Hirose: Energy. It is very far from the Sun, so the average temperature is 60 degrees Celsius below zero. The average temperature of Earth is about 15 degrees Celsius. It is an extremely cold place. A nuclear battery, not a solar cell, is installed into a Mars rover. NASA also has a project to make a small nuclear reactor on Mars. We must bring such energy sources from Earth, or find it on Mars.

− It is said that water exists on Mars.

Hirose: Basically, it's expected that a lot of frozen layers exist in various places if you dig a little.

Usui: A large amount of ice has not been found, but there are electrical geophysical data that a frozen layer, dozens of meters thick, exists beneath a wide area. There is a big technical jump to actually dig up the ground, but we can access the ice if we know the location of the shallow frozen layer. Places seeping water on the surface were commonly found. In the warm equatorial crater slope, black stains cyclically appear in the summer and disappear in the winter. Looking at the spot spectroscopically, it seems that the salt water evaporates little by little and disappears in the winter time. I believe that such a seasonal cycle is very important for life activities.


Mars and the Search for Life

− For the previously mentioned bioleaching and such, we'll have to bring a lot of fungi or microorganisms from Earth to create the environment.

Hirose: From the perspective of scientists seeking the origin of life, it's no fun to bring them from Earth (laughs). If a life form was born on Mars, it must be a life different from the one on Earth. Put crudely, every single life on Earth is all the same. Although Earth seems to have a rich diversity of animals, it is possible to say that they all have only one principle.

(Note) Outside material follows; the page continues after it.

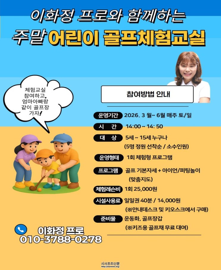 강북구, 미래 꿈나무 위한 ‘어린이 골프체험교실’ 운영 오동골프클럽 아카데미 레슨 프로와 함께하는 체험형 골프교실 강북구(구청장 이순희)는 지역 어린이들의 신체 발달을 돕고 다양한 체육활동 경험 기회를 제공하기 위해 오동골프클럽에서 ‘주말 어린이 골프체험...

− What's called the "central dogma" (※3).

Hirose: That's right. To know the diversity of life, we want to know about life that is not from Earth.

− Does that mean that there is a possibility that Earth life will be destroyed if sent to Mars as an alien species?

Hirose: I said that there is only one kind of life on Earth, but there might have been about 100 kinds of life in the beginning. I believe that it is highly possible that our ancestors destroyed other lives and became the last survivors. Can we do the same thing on Mars? Thinking about the origin of life, I am very concerned.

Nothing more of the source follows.